What I "got" was that the "Hillary Clinton is unelectable" argument has nothing to do with whether she's electable or not
-- it has to do with keeping her from getting nominated because it speaks to the deepest fears of those with the power to nominate her. And because Karl Rove may just be the most brilliant Republican strategist in the history of politics my gut tells me if he REALLY thought she was "unelectable" he'd be doing whatever he could to see that she WAS the Democratic nominee ... because who wouldn't want to run THEIR candidate against someone who was "unelectable?"

If Karl Rove ends up being a felon for his actions in the White House it won't surprise me. That Karl Rove would choose his words lightly or unadvisedly at this crucial point in an primary election campaign would surprise me.

Give the devil his due: he's smarter than that. And thanks to him I feel smarter already.
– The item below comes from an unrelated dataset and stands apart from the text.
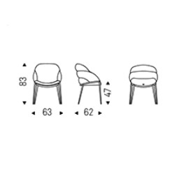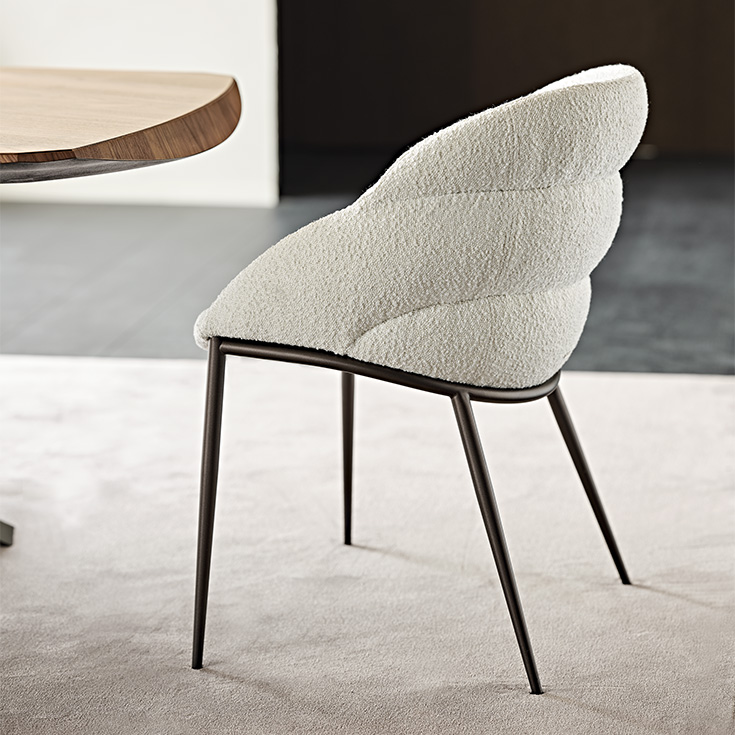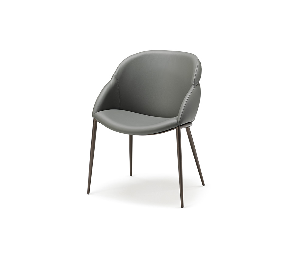 The Camilla armchair is the perfect example of a chair with padded armrests that completes a room with the delicacy and sensuality you want in a residential setting. The horizontal seams on the back of the backrest produce three padded protrusions that end uniformly and very fluidly in the armrest. In the lower part of the backrest, the deep structure and the connection of the legs emphasise the softness of the enveloping curves.

Thanks to Karl Rove I'm no longer worried that Hillary Clinton is "not electable." And what that does is free me to up to really LISTEN to her positions and her proposals and weigh them along with the other candidates. It gives me the freedom to look for the BEST from among a field of great candidates as I make up my own mind about who to vote for here in Calfornia on February 5th. And it gives me a whole new set of questions -- and answers! -- for those dinner table discussions.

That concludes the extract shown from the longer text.